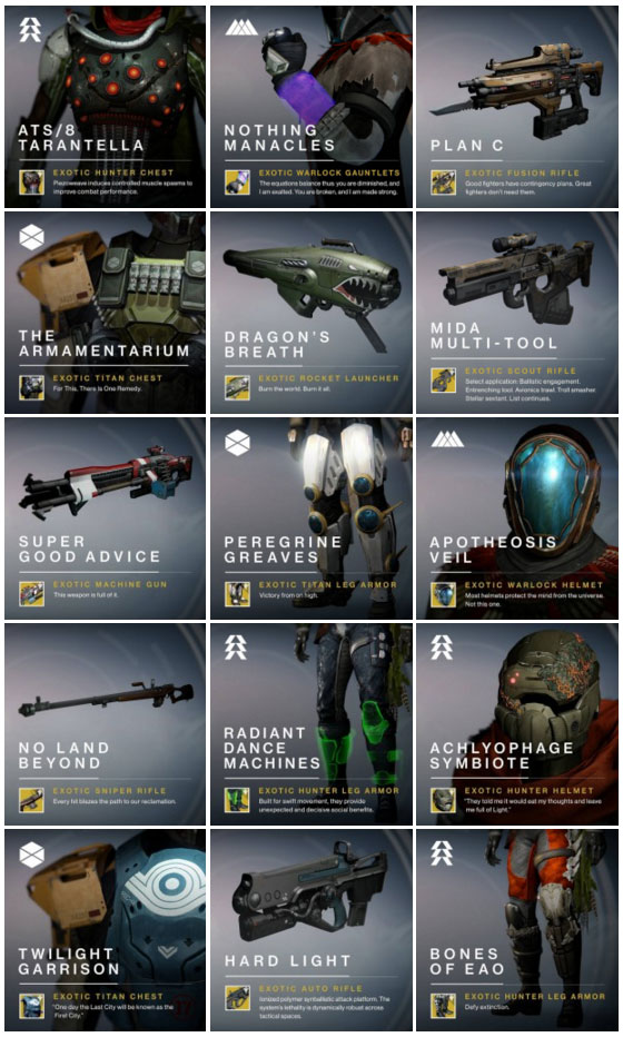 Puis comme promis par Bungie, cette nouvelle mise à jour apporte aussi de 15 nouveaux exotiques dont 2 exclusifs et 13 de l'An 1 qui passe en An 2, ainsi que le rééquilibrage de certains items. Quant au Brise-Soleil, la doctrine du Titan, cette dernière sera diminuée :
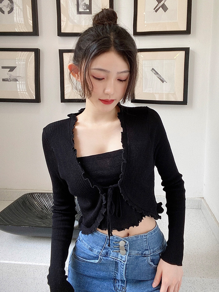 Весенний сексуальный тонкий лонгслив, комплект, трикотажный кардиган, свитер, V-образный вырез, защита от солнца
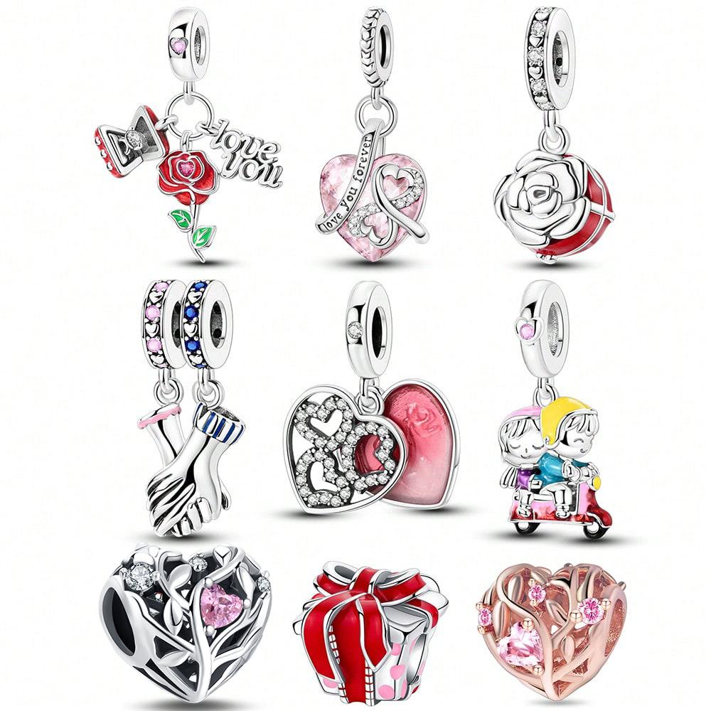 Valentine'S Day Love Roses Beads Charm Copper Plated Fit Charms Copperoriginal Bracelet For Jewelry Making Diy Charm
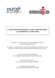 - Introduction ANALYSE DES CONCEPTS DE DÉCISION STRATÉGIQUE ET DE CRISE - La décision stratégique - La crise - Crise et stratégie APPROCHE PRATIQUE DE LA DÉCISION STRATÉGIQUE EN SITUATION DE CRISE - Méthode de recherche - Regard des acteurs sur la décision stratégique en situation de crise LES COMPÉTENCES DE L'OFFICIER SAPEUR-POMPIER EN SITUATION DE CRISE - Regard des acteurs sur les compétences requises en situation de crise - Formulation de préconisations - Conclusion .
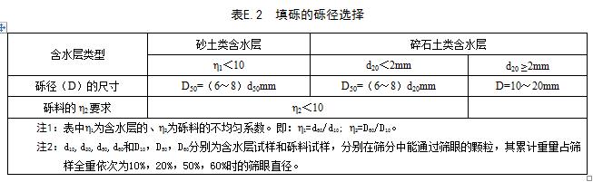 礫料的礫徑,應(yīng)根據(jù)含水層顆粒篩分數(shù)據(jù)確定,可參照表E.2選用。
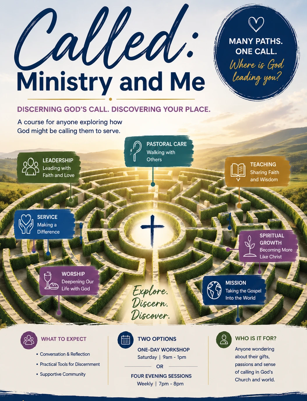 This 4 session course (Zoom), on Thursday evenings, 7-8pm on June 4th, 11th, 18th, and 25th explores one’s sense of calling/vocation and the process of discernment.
------
◆ **What you will do**: All pictures are to be skipped. Output, word for word, the lines in the data above starting at the line containing "Весенний сексуальный тонкий" and ending at the line containing "Valentine'S Day Love".

◆ **Answer section**:
 Весенний сексуальный тонкий лонгслив, комплект, трикотажный кардиган, свитер, V-образный вырез, защита от солнца
 Valentine'S Day Love Roses Beads Charm Copper Plated Fit Charms Copperoriginal Bracelet For Jewelry Making Diy Charm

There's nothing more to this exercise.